La Liberté ÉDITO

Par Jean-Pierre Dubé

@jeanpierre_dube

La Liberté du 1er octobre 2014

Un pape est un saint. Après sa mort, il ira directement au ciel. Un procureur est facilement corrompu : l’enfer le guette. L’actualité nous livre deux grands égarés.

Jorge Bergoglio est mieux connu comme François 1er. Le 14 septembre, il a célébré au Vatican le mariage d’une vingtaine de couples dont le parcours défie le droit canonique.

Malgré l’interdiction, des conjoints de mariages annulés, d’unions libres et de familles reconstituées ont reçu les sacrements, à quelques semaines d’un synode mondial sur la famille et le mariage.

Le message est clair : « Le mariage n’est pas un chemin facile, c’est un voyage parfois conflictuel, mais c’est la vie. » Le pape veut libérer de leurs chaînes les catholiques de bonne foi rattrapés par l’humaine condition.

Le Canada connaît un procureur général, Peter MacKay, déterminé à mettre sous les verrous autant de citoyens que possible. Quitte à défier le droit constitutionnel.

Le ministre de la Justice vise les contrevenants violents et non violents, les consommateurs et trafiquants de drogues, les terroristes, les syndicats, les médecins offrant de l’aide médicale à mourir, les prostituées, leurs clients et autres dépravés.

Ses démêlés avec la loi sont nombreux. Les tribunaux l’ont contredit notamment sur la réforme du Sénat, la libération conditionnelle de contrevenants non violents, la culture de la marijuana, la surcharge financière imposée aux contrevenants, les coupures aux services de santé destinés aux réfugiés, l’abolition rétroactive de la libération conditionnelle précoce et la nomination d’un juge à la Cour suprême. Le gouvernement se prépare à légiférer pour retirer le passeport aux djihadistes canadiens, une mesure désavouée.

Mais ce qui dérange surtout, c’est la contestation de l’autorité dont les conservateurs sont fiduciaires, se comportant en délinquants systémiques.

Le ministre a fait sourciller récemment en déclarant qu’il n’allait pas tenir compte du jugement de la Cour suprême sur la protection de la vie privée (l’accès aux coordonnées des citoyens via les fournisseurs d’Internet). Sur la prostitution, il a élaboré un projet encore plus sévère que la loi invalidée, reconnaissant la probabilité de contestations.
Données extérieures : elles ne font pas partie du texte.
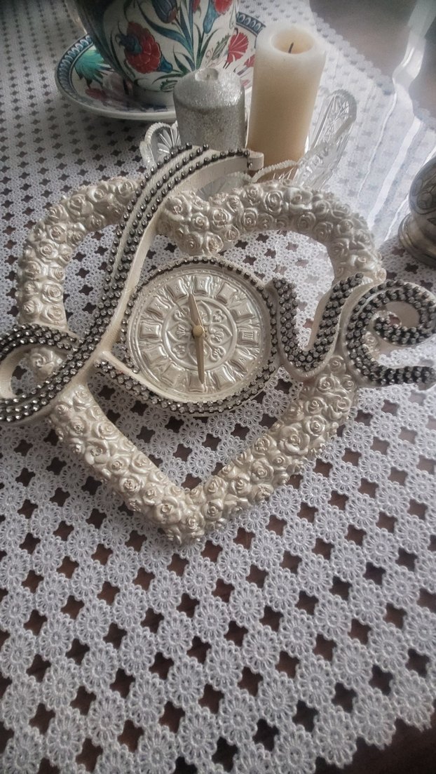 beyaz duvar saati, kalp şeklinde ve ince gül süslemeleriyle zarif bir görünüm sunar. ️

Le gouvernement a été surpris en flagrant délit de blanchiment de juge pour la Cour suprême. Depuis l’échec de son projet de réforme du Sénat, il ne nomme plus de sénateurs. Et il refuse souvent de répondre durant la période de questions au Parlement. La dysfonction approche le point de rupture.

En août, Peter MacKay a déshonoré ses fonctions en portant un t-shirt du lobby des armes, le groupe voué « sans compromis » à éliminer tous les contrôles au Canada. Le défenseur de la loi et l’ordre s’est tiré dans les deux jambes avec une mitraillette. Il a affiché ses vraies couleurs au moment où s’amorce la campagne électorale de 2015.

Le procureur veut cimenter le vote religieux du parti. Le pape n’a pas cette contrainte : il est élu pour l’éternité. Les écarts de l’un sont tout à fait appropriés. Les outrages de l’autre ne devraient pas être tolérés.